Monday, March 07, 2005

2005.011Paul Foot goes down for the third time 

That right-wing softy Douglas Hurd (who scarcely deserves the honourable epithet right-wing) made the mistake of reviewing a book by the late Paul Foot in the Sunday Telegraph on 20 February 2005. This is the third time I’ve had a go at Foot since his welcome decease (the others were 2004.013 and 2004.015) . I’d better stop or it will begin to look like necrophilia (necrophobia more like).

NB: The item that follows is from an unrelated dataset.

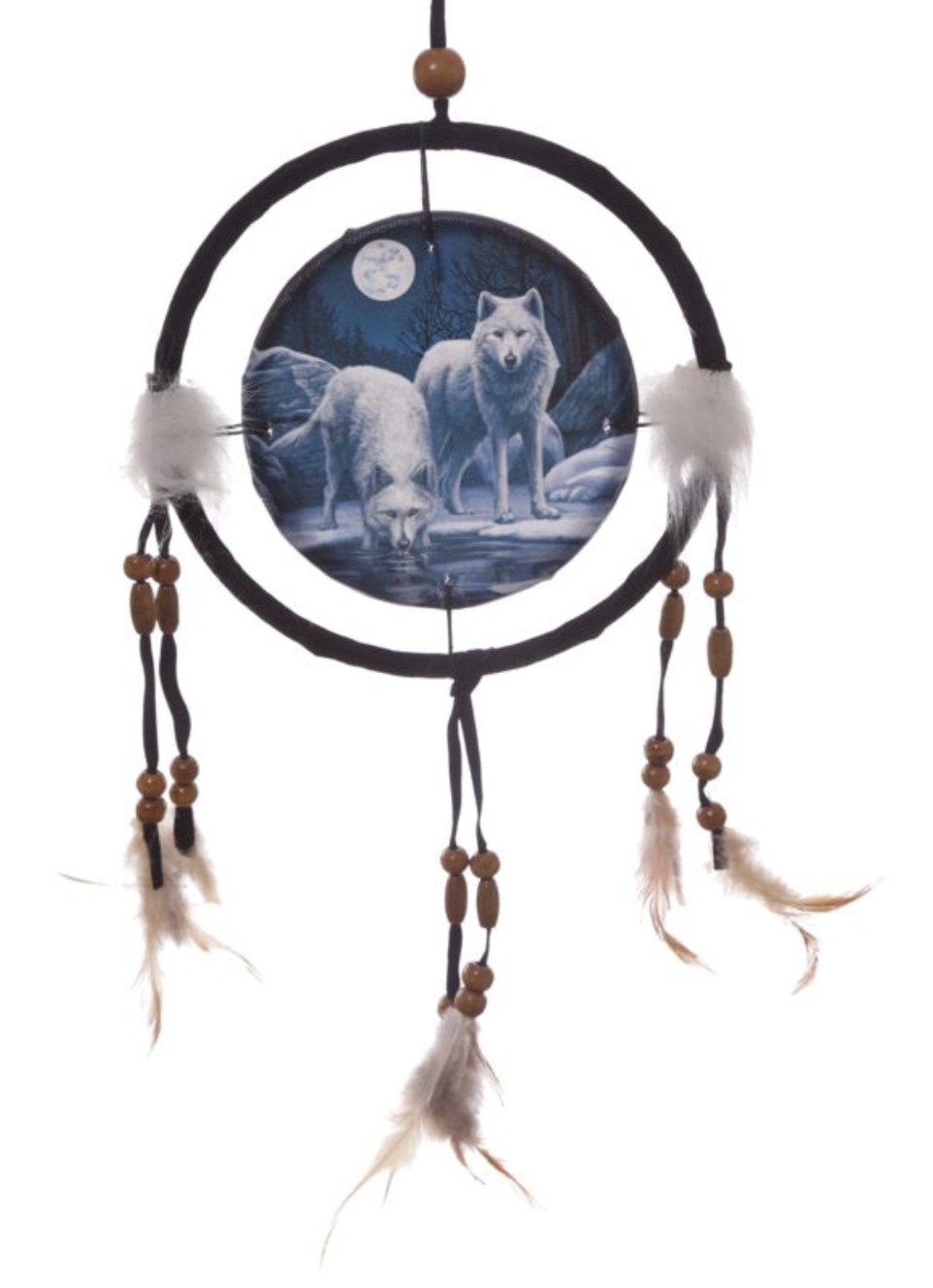 Lapač snů s obrázkem dvou vlků a měsícem. Design lapače je navržen uznávanou umělkyní Lisou Parker.

Hurd absurdly says Paul Foot’s voice is missed. It is missed by me about as much as Princess Diana’s wisdom is missed. I rejoiced when I heard of the death of each of them, that they could do no more mischief in our world. I revelled at that news nearly as much as I did when, as an RAF pilot in World War II, I heard that the invention of the atom bomb had saved me from service against the amiable Japanese.

Foot’s book is about votes for women. Hurd spots a silly error where Foot said that Cromwell shot rebel leaders in Burton churchyard when it was really Burford. Then he spots a ‘howler’ where Foot thinks the 1828 Catholic Emancipation crisis was about whether Irish Catholics should be given the vote when in fact they already had the vote as much as anyone had it in England. Then Hurd says Foot’s allegation that the Chartists were ruthlessly crushed by the English forces of law and order ‘doesn’t fit the evidence’.

So it goes on. The wretched Foot calls the summer of 1972 ‘glorious’ because it was when trade union militants began to get the better of Ted Heath. Hurd retorts that he remembers the year 1972 as ‘the most politically miserable of my working life’. So why does he bother to review this book? He can’t need the fee surely.

Enraged, I raise my eyes from Hurd’s review and find in the one above it on the page (by Graham Robb) the extraordinary statement that most of the book he is reviewing ‘has the pointless obscurity of academic prose’. Having written acres of academic prose in my time I am speechless with further anger at this impudence.

Returning to Hurd. He is typical of so many upper class English people. Instead of stamping on the vipers in our midst (such as the wicked Paul Foot) he pats them indulgently on the head. Hasn’t he the brains to see how dangerous and destructive these class traitors are? It’s a dreadful kind of rot, a dry rot or wet rot, that has warped and finally almost destroyed our fine English traditions. That’s why I get so angry about it.